Lykke Groven, a Danish design student, flew to a refugee camp on the Greek island of Lesbos. She reported back on WhatsApp and introduced the team to a Syrian boy so traumatised by the war that he could not remember his name. “The toys that he had were really comforting him,” says Kakulapati. “This [teddy bear] idea suddenly came out of nowhere. We all loved it.”

The ElecTree proposal was prompted by one of the camp workers, who told Groven that while people had good ideas for improving sanitary conditions, health and education, none of these were possible without electricity.

“I think we all had that ‘aha’ moment when Lykke shared that,” says Leis.

The Large Hadron Collider © Getty

Kakulapati remembered being caught in the earthquake in Nepal in April 2015. A hotel started up a generator for a few hours each evening so tourists and Nepalese could contact the outside world. With so many people struggling to get enough bandwidth to send an email, a system of sharing developed.

“When you are there in a time of need, the instinct is not to take. The instinct is to share,” Kakulapati says.

“I feel like that is something we brought to our prototype. It’s designed so that you divert energy to essential functions that everyone needs and the rest is shared.”

Some team members were reluctant to abandon the teddy bear idea but ultimately the group voted for the ElecTree proposal as the majority felt it would have a greater impact.
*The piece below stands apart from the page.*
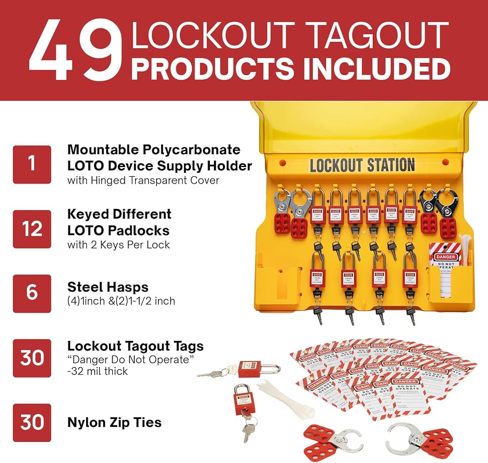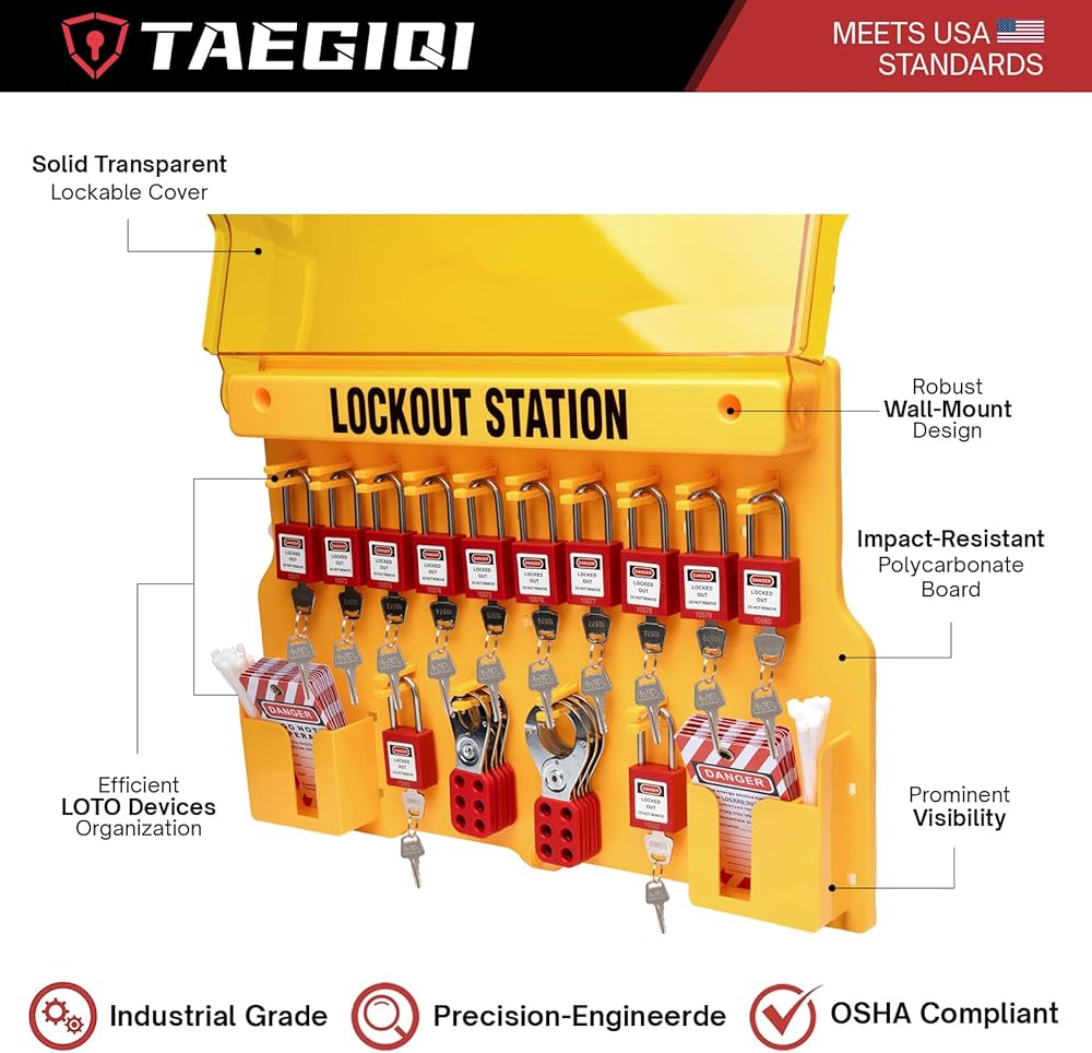 محطة تاجوت للقفل من TAEGIQ مع أجهزة لوتو، لوحة أدوات قفل الخروج، مجموعة أقفال أمان مكونة من 12 قطعة، 6 مشابك لوتو، 30 علامة لا تعمل للامتثال لإدارة السلامة والصحة المهنية
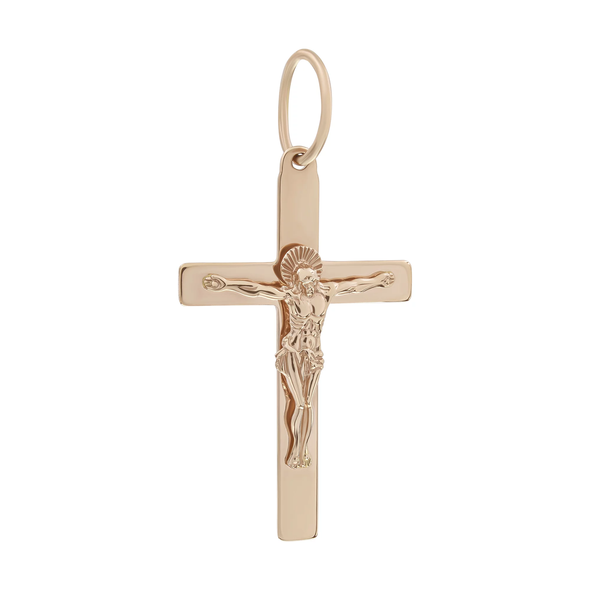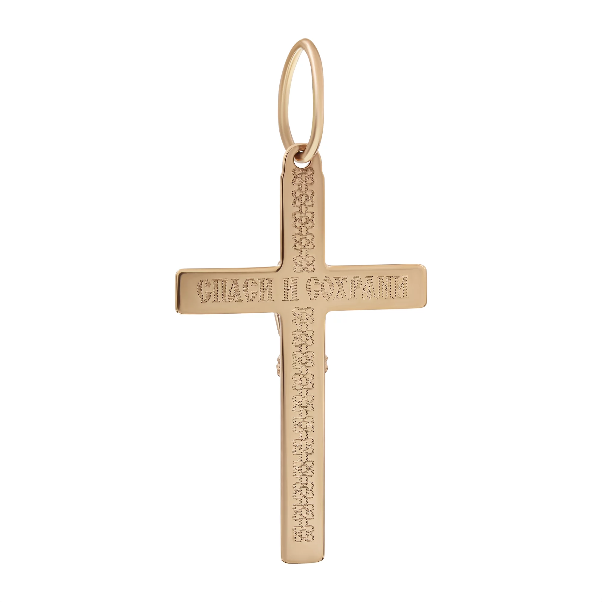 Нательный крестик из красного золота 585 пробы выглядит изысканно и сдержанно. Лаконичный дизайн делает его универсальным, подходящим как для мужчин, так и для женщин, а также детей разного возраста. Четырехконечный православный крест украшен рельефным распятием. Над головой Христа – нимб в виде выгравированных солнечных лучей. Верхняя часть крестика, в месте соединения с подвесным ушком-кольцом – закругленная, что придает ему оригинальность. На обратной стороне изделия выгравированы символические религиозные узоры и надпись – «Спаси и сохрани».

The students found that designers, engineers and business people view challenges in different ways and that working across disciplines was more demanding than overcoming cultural differences. Engineers are linear; they move from A to B, Kakulapati says. As for designers — she waves her hands above her head — designers go everywhere.

The two main concepts taught during the term are design thinking and lean start-up. The students explain this means that, starting with a broad challenge, they explore, research and narrow the focus. Then they go back to the users, test the ideas and finally develop a prototype.

Building the prototype exposed further differences in approach. Leis says that the engineers “had a sense not about the end-user, but about the technology. I didn’t have a sense of the limits of technology. The designers were saying ‘OK, but we need to help everyone’. We said, ‘You’re crazy’.” The team did not use Cern technology in the end, but the students say they learnt from the advice and thought processes instead.

Keeping costs low and making the grid simple to understand and use was essential. The design students produced a product brochure and PowerPoint presentation explaining how it works.

On the day of the final presentation, it is the business students who don suits to outline the concept. ElecTree, they explain, is a modular extendable intelligent grid that prioritises electricity needs for hospitals and schools, but recognises the requirements of refugees. So when administrative buildings and schools are not in use, the electricity flows more equitably to shelters.

Representatives of the non-governmental and UN agencies working with the groups are in the audience or watching a live webcast. With the other seven members sitting on a platform behind them, Leis and Kakulapati deliver polished pitches about ElecTree. Then, prompted by a question that they had planted in the audience, they get to present the teddy bear idea, too.